Вот насчет этого я не уверена. Он был честным, порядочным, это да, но его лучше было не злить.

Дасти Билодо его разозлил, и Кенни Янко тоже наверняка бы его разозлил. Да, если бы мистер Харриган узнал, что Кенни избил меня только за то, что я отказался чистить его паршивые ботинки, он бы точно разозлился. Вот только мистер Харриган уже не мог злиться. Я твердил себе вновь и вновь: мертвые не злятся. Они просто мертвы. Конечно, и телефоны, которые не заряжали три месяца, не принимают звонки, не проигрывают (и не записывают) сообщения… но телефон мистера Харригана все же принял мой звонок, и я слышал на автоответчике его скрипучий старческий голос. Поэтому я чувствовал себя виноватым, но вместе с тем чувствовал и облегчение. Кенни Янко больше не будет ко мне приставать. Он исчез из моей жизни уже навсегда.

В тот же день, на моем свободном уроке, мисс Харгенсен пришла в спортзал, где я тупо кидал мяч в баскетбольную корзину, и вывела меня в коридор.

– Я заметила, ты грустил на уроке, – сказала она.

– Вовсе нет.

– Ты грустил, и я знаю почему. Но послушай меня. У детей твоего возраста птолемеевская система мира. Я еще молодая, я помню.

– Я не понимаю…

– Птолемей был римским математиком, астрологом и астрономом. Он утверждал, что Земля стоит в центре Вселенной. Неподвижная точка, вокруг которой вращается все мироздание. Дети уверены, что весь мир вращается вокруг них. Обычно это ощущение, что ты – единственный центр мироздания, начинает стираться годам к двадцати, но тебе до этого еще далеко.

Она стояла почти вплотную ко мне и говорила очень серьезно, и у нее были невероятно красивые ярко-зеленые глаза. От запаха ее духов у меня слегка кружилась голова.

– Я вижу, ты меня не понимаешь, поэтому я обойдусь без метафоры и скажу прямо. Если ты думаешь, что как-то виноват в смерти Янко, оставь эти мысли. Ты здесь ни при чем. Я видела его личное дело. У этого мальчика были серьезные проблемы. Проблемы в семье, проблемы в школе. Психологические проблемы. Я не знаю, как это произошло, и не хочу знать, но, возможно, оно и к лучшему.

– Почему? – спросил я. – Потому что он больше меня не побьет?

Она рассмеялась, обнажив красивые зубы. В ней все было красивым.

– Вот он, яркий пример птолемеевской системы мира. Нет, Крейг. Хорошо то, что он был слишком молод, чтобы получить водительские права. Если бы он уже водил машину, то мог бы не просто убиться сам, но и убить кого-то еще. А теперь иди в зал и займись баскетболом.

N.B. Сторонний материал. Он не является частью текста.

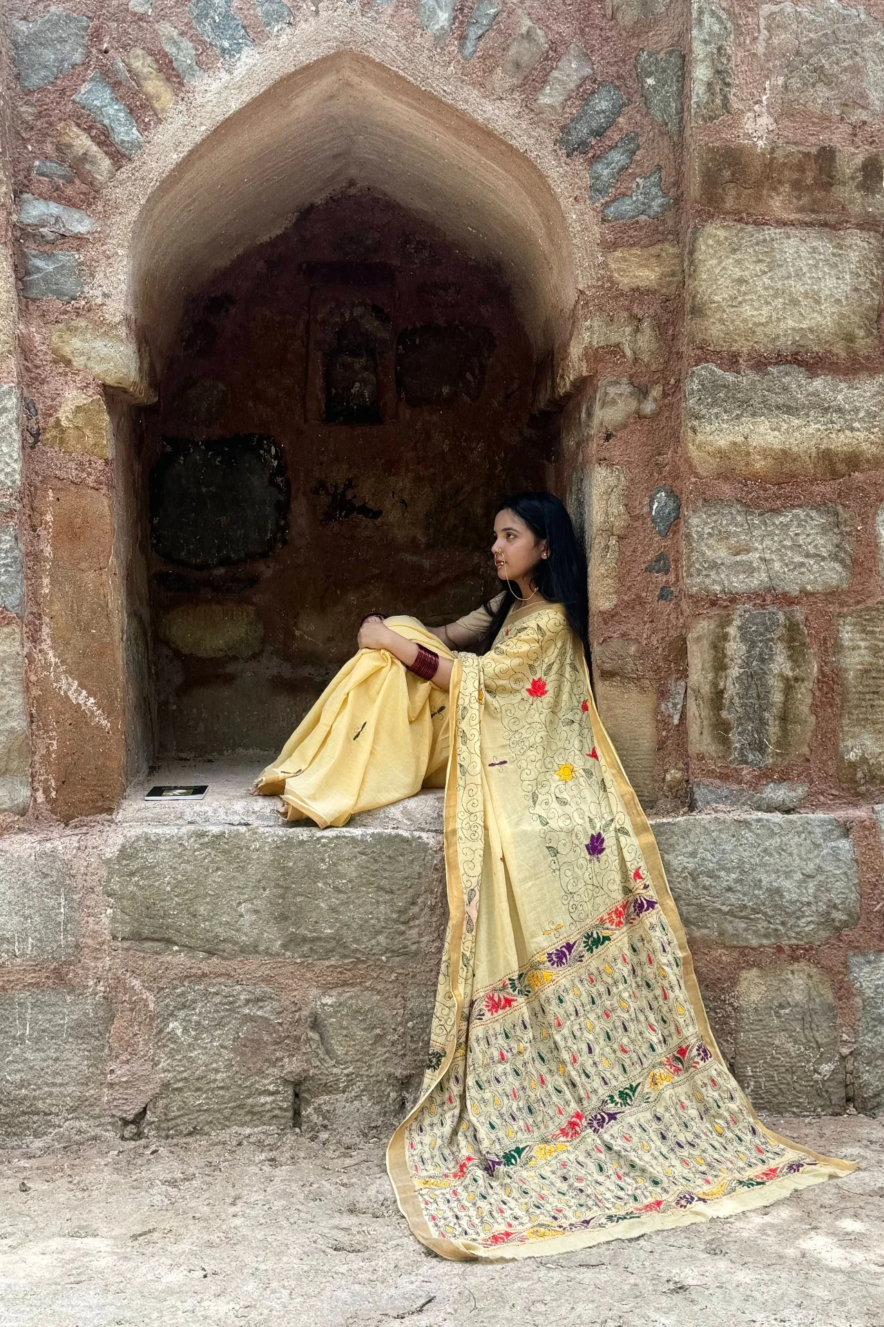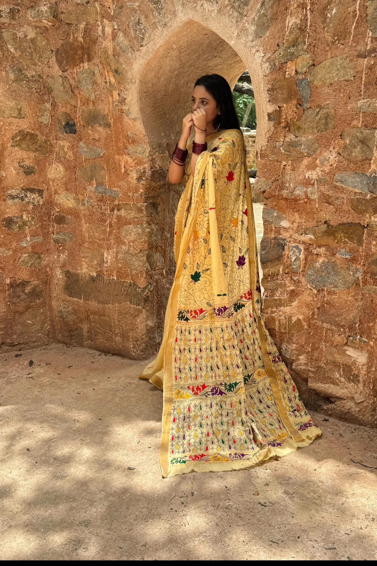 Cultural Fusion – Combines Bengali kantha stitching with Punjabi phulkari embroidery.

Я пошел прочь, но она удержала меня, схватив за запястье. Даже теперь, по прошествии одиннадцати лет, я помню свои тогдашние ощущения. Меня как будто пробило током.

– Крейг, я никогда не стала бы радоваться смерти ребенка, даже такого отъявленного хулигана, как Кеннет Янко. Но я рада, что это не ты.

Мне вдруг захотелось ей все рассказать, и я бы, наверное, рассказал. Но тут прозвенел звонок, двери классов распахнулись, школьники разом высыпали в коридор, стало тесно и шумно. Мы с мисс Харгенсен разошлись в разные стороны.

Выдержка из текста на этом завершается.